Der Kündigungsgrund des § 30 Abs 2 Z 3 MRG setzt nicht voraus, dass das Verhalten dem Störer subjektiv vorwerfbar ist. Es kommt nicht darauf an, ob den Mieter ein Verschulden trifft, sondern darauf, ob das objektiv in Erscheinung tretende Verhalten als ein grob ungehöriges, das Zusammenwohnen verleidendes angesehen werden muss, auch wenn es etwa auf eine geistige Erkrankung zurückgeführt werden kann.

 

Grundsätzlich sind für die Beurteilung von Kündigungsgründen die Umstände im Zeitpunkt der Zustellung der Aufkündigung maßgeblich.
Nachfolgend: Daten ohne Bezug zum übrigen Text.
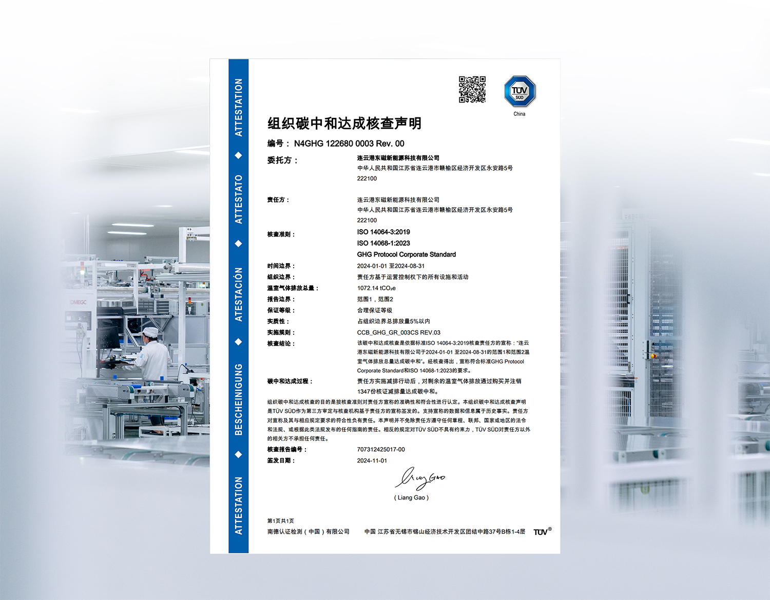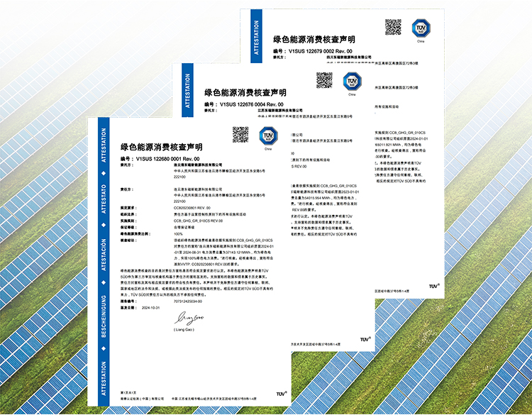 11月1日,橫店?yáng)|磁太陽(yáng)能連云港基地獲得TüV南德意志集團(tuán)(以下簡(jiǎn)稱“TüV 南德”)頒發(fā)的ISO14068組織碳中和達(dá)成核查聲明證書,為TüV南德在光伏行業(yè)頒發(fā)的首張?jiān)擃愖C書。同日,橫店?yáng)|磁泗洪、連云港和宜賓3個(gè)基地還獲得組織溫室氣體核查聲明和綠色能源消費(fèi)核查聲明。

Wenn allerdings der gekündigte Mieter nach Zustellung der Aufkündigung sein unleidliches Verhalten einstellt, ist die Verhaltensänderung bei der Beurteilung des Gesamtverhaltens mitzuberücksichtigen und kann bei Vorliegen einer positiven Zukunftsprognose zur Klageabweisung führen, sofern die Wiederholung der bisherigen Unzukömmlichkeiten ausgeschlossen werden kann. Unter Umständen kann auch auf Entwicklungen Bedacht genommen werden, die zum Zeitpunkt des Schlusses der mündlichen Verhandlung bereits in die Wege geleitet wurden.

 

Im Sinne der dargestellten Rsp, wonach eine Wiederholung des unleidlichen Verhaltens ausgeschlossen sein muss, kann in der Argumentation des Berufungsgerichts keine Fehlbeurteilung erblickt werden. Schon das eine Hilfe ablehnende Verhalten der Beklagten zeigt, dass eine Einsicht in ihr Krankheitsbild nicht vorhanden ist; damit wird eine positive Zukunftsprognose ausgeschlossen.

 

Die in der Revision zitierten Entscheidungen 3 Ob 29/06w und 7 Ob 628/91 sprechen nicht gegen diese Beurteilung. Der E 3 Ob 29/06w lagen Streitigkeiten in einer Lebensgemeinschaft zugrunde; es war mit hoher Wahrscheinlichkeit auszuschließen, dass die beklagte Mieterin die beendete Lebensgemeinschaft wieder aufnehmen werde. In der E 7 Ob 628/91 konnte gerechtfertigt angenommen werden, dass es in Zukunft nicht mehr zu einer Wiederholung der vorgekommenen gravierenden Unzukömmlichkeiten kommen werde.